Theon's Light

Location

77469
United States
29° 30' 16.0848" N, 95° 42' 32.1264" W

I speak Pythagorean,
Platonic, stars, and shapes,
imparting my knowledge to others.
They love it, and tell me
that I am Minerva, incarnate
highest, uppermost, supreme.
I’m not so sure, I simply feel my soul
as a Mercurial unit of population,
yearning for understanding.

In absence of Theophilus,
the Archbishop remains
in opposition, Martian,
Saturnine, square.
During a night of Lent, movement ceases.
I peer out into the haze and shriek
as juxtaposed figures unfold.
The zealots grasp my arms
with rough and unclean digits.
They tear my clothes and forcefully subtract me
from my seat, call me harlot,
witch, messenger of hell,
fasten me to the back of my own carriage,
and drag me through the streets of Alexandria.

The Caesareum is radial,
gelid, stern, and as morbid as the monks
scattered across its circumference,
set out to make me.
I was to be the perfect descendant
In eyes of Theon.
Now, I know I will be with him
and Synesius soon
as shells and tile intricately divide my skin

They obliterate my body
by flames in Cinaron
whilst holding spheres of influence
that create no music,
timeless, Plutonian instruments
of creation and resonance.
Through them, history is written to forget me.

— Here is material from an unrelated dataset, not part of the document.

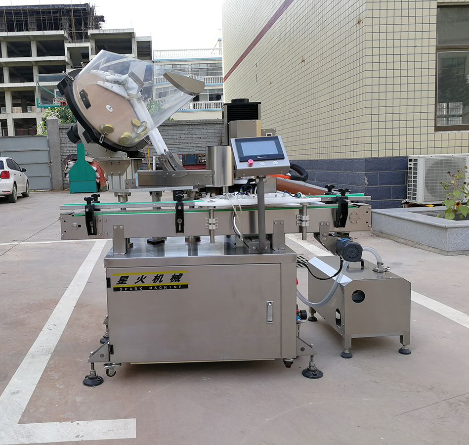 是玻璃瓶馬口鐵瓶旋緊瓶蓋的專用自動化真空旋蓋設備,該醬料玻璃瓶真空旋蓋機包括:進出罐輸送、進罐器、配蓋器、真空室、旋蓋頭等主要部件,設備采用304不銹鋼制作,外形美觀,結構考究,PLC電子光纖傳感控制,實現自動進出罐、自動配蓋、抽真空、夾緊瓶身、旋蓋等動作,多應用在醬料瓶、罐頭及保健食品行業,采用氣動和電氣編程控制取代機械傳動裝置帶來的好處是:設備可以很干凈,避免潤滑油脂對生產環境和產品的影響,很重要的是,可以對產品需達到的指標參數進行監控和靈活調整,如真空度、擰蓋力矩等。氣動裝置,運行靈活方便,大大提升了企業的工作效率。

Hypatia of Alexandria, was a prominent Greek mathematician, philosopher, astronomer, and astrologer that became a monumental symbol of intellectual freedom and scientific enquiry. One night, Hypatia was dragged from her carriage and brutally murdered by radical Christians in 415CE. The details surrounding Hypatia’s life and death are few and far, as Christian historians achieved predominance around the time of her life, but the general consensus is that followers under the rule of Arch Bishop Cyril dragged Hypatia to a local church, stripped her, scrapped the skin from her body with sharp objects, ripped off her limbs, and then burned her remains. The death of Hypatia occurred during a volatile political struggle between the mass acceptance of Christianity and Neo-Platonism, or religion in relation to science in ancient Greece.